As we hit the county line climb for the second time, I noted we had exactly 20 miles to go. Just a few yards later, as we settled into the slope, I realized I wasn't going to be able to hang with Becky and the rest in our group of six or so. It's easy, in revisionist-history retrospect, to say I should have just dug a little deeper to hang on, as I had done on the outward-bound pass over this little summit. But "should have" really doesn't matter. If I could have, I would have. So I watched them ride away from me and resigned myself to carrying on alone. In the end, 20 miles later, they finished nine minutes ahead of me. I stopped twice in those 20 miles…once for a pee and once for a splash of water at the Jimtown Store (after stupidly leaving the turnaround without two full bottles). The two stops probably accounted for four minutes, so Becky's bunch took about five minutes out of me on the road: three on the climb and two by virtue of their nice paceline vs my solo run.
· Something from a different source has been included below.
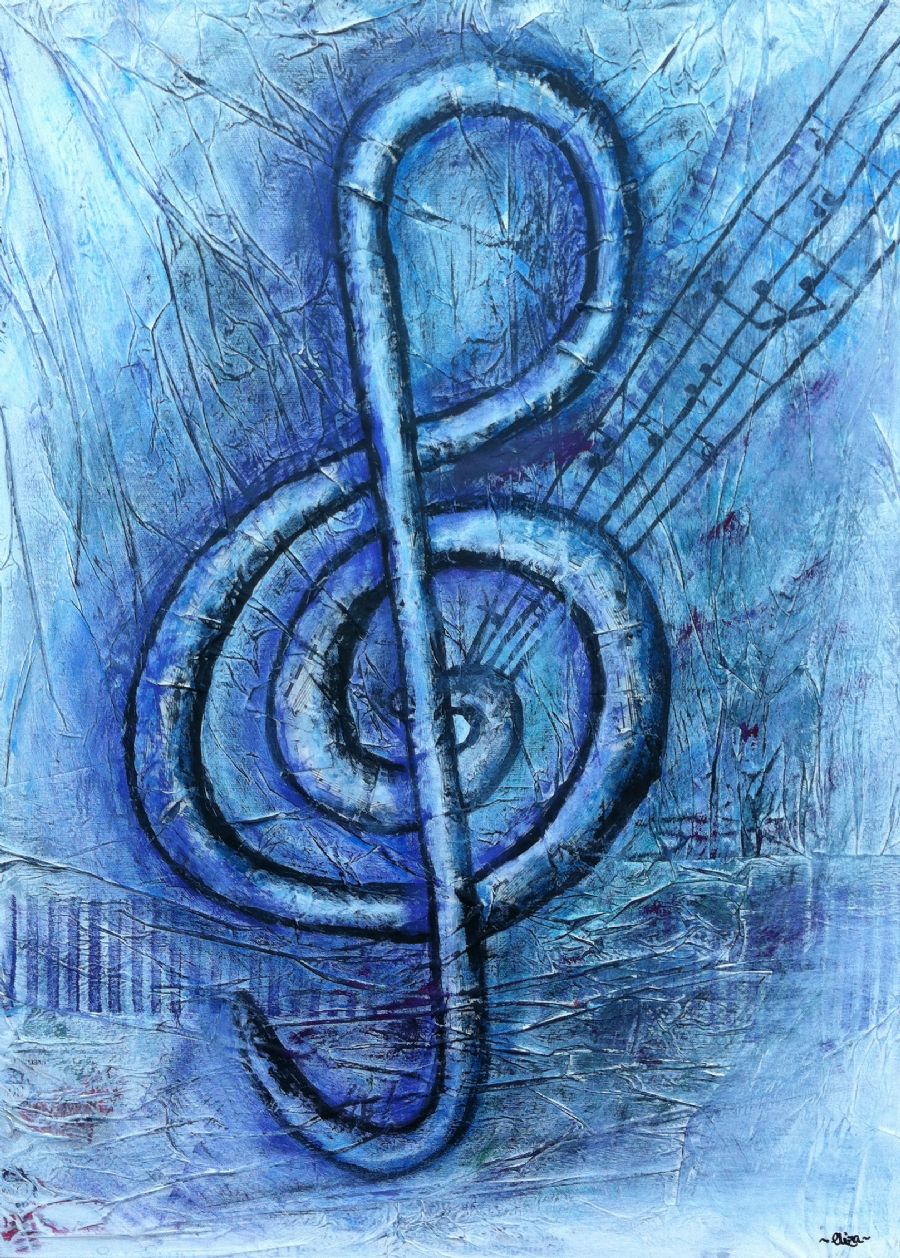 Lad musikken spille, også til de skæve toner.. Alt i livet behøver slet ikke gå lige "efter bogen".. Slap af og hvil i dig selv. Ingen er perfekte. Gå din helt egen vej og spil din egen melodi. (Derfor er G-nøglen ikke malet helt "korrekt".) Akryl og mixed media. Solgt.

The exact same thing happened to me last year: I lost the wheels of two nice women--Sarah and Andrea--on the same climb and finished eight minutes behind them, 20 miles later.

This year, Sarah was working the finish controle, logging us in, and Andrea was quite a few minutes behind me. I see in the results that Theresa, the other fixie, was given the same finish time as mine, but I never saw her, ahead of or behind me. We must have been pretty close, though. I felt great at the finish. In spite of the fact that my legs wouldn't allow me to hang on to those nice groups in the closing miles, I felt fresh and even kind of exalted by the day. What a cool way to spend a mid-winter Saturday…or should I call it an early spring Saturday? My own, personal Primavera.

One of the best parts of this brevet is what happens afterward: a big beer fest at the Bear Republic brew pub in Healdsburg. The tired but happy riders take over the entire outdoor seating area, right next to the brevet finish line, and keep the waiters running back and forth with pitchers of Racer 5 and baskets of fries. This is one of the things I like best about longer-distance rides: that sense of community, of family, that pulls the group together. I sat and ate and drank and yakked with, among others, Donn King, back from the Napa controle, and Craig Robertson, one of the captains on those fast tandems. I've known these guys for so many years--decades--and we have ridden so many miles, have been through so many long-distance adventures together. That means something. There is a shared understanding, a complicity. As you chat and trot out your old war stories about past rides, you know you don't have to back up and explain anything about it all: you're all on the same page. The rest of the world might look askance at you; might wonder at your sanity or your values, but those of us curled around our pints of IPA, we know things the rest of the world doesn't know. And we don't really care if they ever figure it out. We are happy with our lot in life, with doing these rides that are so crazy, they just might work.